Accord sur la chose et le prix : la vente est parfaite… même pour les communes

Dans un arrêt du 15 mars 2017, le Conseil d’Etat confirme une jurisprudence constante qu’il était bon de rappeler. Lorsqu’il y a accord sur la chose et sur le prix, la vente d’un bien est parfaite quand bien même le vendeur est une commune qui se voit appliquer pour son domaine privé, les dispositions du code civil.

Double apport de l’arrêt :

1-      Le juge administratif est compétent pour connaître de la contestation par une personne privée des délibérations d’un conseil municipal ayant respectivement pour objet d’annuler une précédente délibération autorisant la vente de parcelles de son domaine privé à cette dernière et d’autoriser la vente de ces parcelles à une autre personne, « dès lors que ces actes affectent le périmètre ou la consistance du domaine privé de la commune ».

Ce n’est pas une nouveauté depuis l’arrêt du Tribunal des Conflits du 22 novembre 2010, SARL Brasserie du Théâtre c/ Commune de Reims, n° 3764, p. 590.

2-      Le juge administratif tire toutes les conséquence d’une délibération d’un conseil municipal autorisant la vente de parcelles de son domaine privé à une société pour un prix donné, qui ne subordonnait cet accord à aucune condition.
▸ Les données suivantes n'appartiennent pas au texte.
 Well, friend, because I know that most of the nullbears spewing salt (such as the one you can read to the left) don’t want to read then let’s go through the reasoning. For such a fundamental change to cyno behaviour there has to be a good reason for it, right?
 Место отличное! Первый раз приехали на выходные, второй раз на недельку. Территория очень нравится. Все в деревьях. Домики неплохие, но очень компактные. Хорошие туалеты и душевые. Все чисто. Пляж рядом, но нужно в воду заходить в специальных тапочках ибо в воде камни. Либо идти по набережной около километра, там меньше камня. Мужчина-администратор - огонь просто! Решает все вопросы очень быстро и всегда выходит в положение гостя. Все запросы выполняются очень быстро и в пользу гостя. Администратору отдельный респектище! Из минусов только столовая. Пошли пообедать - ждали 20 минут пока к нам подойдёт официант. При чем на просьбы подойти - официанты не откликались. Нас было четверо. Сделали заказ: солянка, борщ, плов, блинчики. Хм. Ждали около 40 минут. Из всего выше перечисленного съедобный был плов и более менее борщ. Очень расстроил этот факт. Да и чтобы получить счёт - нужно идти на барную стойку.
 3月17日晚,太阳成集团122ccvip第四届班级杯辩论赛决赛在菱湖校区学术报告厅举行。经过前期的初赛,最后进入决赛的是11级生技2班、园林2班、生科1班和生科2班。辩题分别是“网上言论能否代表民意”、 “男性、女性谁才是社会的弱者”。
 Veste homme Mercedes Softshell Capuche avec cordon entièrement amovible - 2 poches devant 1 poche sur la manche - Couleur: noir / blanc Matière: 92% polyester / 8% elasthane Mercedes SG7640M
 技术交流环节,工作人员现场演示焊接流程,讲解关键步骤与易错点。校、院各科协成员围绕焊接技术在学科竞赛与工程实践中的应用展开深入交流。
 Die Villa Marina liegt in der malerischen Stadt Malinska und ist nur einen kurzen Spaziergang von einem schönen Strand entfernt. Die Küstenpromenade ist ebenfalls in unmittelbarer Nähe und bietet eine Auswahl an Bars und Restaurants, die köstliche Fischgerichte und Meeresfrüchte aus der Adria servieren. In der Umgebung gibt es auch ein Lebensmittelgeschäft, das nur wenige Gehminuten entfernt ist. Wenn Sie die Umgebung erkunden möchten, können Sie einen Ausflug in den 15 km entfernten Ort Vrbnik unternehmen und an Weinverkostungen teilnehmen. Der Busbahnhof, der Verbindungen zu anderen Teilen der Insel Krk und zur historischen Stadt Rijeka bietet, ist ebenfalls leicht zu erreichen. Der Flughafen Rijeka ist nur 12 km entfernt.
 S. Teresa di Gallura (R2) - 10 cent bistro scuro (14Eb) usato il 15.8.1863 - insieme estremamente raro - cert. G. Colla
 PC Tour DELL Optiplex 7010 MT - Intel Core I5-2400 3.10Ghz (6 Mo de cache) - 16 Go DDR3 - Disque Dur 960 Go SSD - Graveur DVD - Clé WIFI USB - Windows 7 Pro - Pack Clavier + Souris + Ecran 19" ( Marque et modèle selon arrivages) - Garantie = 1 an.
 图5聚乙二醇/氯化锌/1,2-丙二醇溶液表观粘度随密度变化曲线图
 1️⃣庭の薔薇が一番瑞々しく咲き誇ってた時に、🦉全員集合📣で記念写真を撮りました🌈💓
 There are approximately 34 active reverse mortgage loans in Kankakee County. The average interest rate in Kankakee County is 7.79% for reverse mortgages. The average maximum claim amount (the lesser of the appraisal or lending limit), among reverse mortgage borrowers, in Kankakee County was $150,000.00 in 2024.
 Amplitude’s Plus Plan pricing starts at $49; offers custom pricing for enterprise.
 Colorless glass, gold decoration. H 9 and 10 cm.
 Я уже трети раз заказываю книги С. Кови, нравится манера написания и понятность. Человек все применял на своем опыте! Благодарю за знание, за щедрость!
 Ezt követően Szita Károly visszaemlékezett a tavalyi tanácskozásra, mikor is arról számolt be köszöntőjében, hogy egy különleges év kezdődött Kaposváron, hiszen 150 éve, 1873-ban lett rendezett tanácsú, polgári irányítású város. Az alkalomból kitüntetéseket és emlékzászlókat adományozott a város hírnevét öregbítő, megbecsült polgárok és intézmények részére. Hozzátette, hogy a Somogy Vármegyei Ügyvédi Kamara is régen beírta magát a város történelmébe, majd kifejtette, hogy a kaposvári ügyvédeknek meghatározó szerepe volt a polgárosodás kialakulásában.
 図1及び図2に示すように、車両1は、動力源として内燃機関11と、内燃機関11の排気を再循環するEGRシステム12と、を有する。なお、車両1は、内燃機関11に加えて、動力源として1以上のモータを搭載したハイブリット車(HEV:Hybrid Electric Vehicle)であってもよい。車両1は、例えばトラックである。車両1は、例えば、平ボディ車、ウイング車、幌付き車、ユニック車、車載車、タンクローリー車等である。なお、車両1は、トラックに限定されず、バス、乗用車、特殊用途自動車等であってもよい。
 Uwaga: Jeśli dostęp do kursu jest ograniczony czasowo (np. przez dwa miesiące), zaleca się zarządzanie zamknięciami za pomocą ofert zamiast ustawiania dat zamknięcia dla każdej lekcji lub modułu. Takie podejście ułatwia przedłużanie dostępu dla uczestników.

Il retient que les parties ayant ainsi clairement marqué leur accord sur l’objet de la vente et le prix auxquels elle devait s’effectuer, cette délibération a eu pour effet, en application des dispositions de l’article 1583 du code civil, de parfaire la vente et de transférer à la société la propriété de ces parcelles. Il en résulte que le conseil municipal ne pouvait légalement, par des délibérations ultérieures, ni annuler cette première délibération ni décider de céder les mêmes parcelles à une autre société et ce quand bien même le premier acquéreur « n’avait versé aucun des acomptes prévus par l’échéancier [un paiement échelonné du prix sur cinq ans ayant été fixé] ou demandé la passation des actes de transfert de propriété ».

L’acquéreur peut même saisir le juge civil d’une demande tendant à s’entendre prononcer à son profit la vente, le jugement étant ensuite publié au service de la publicité foncière.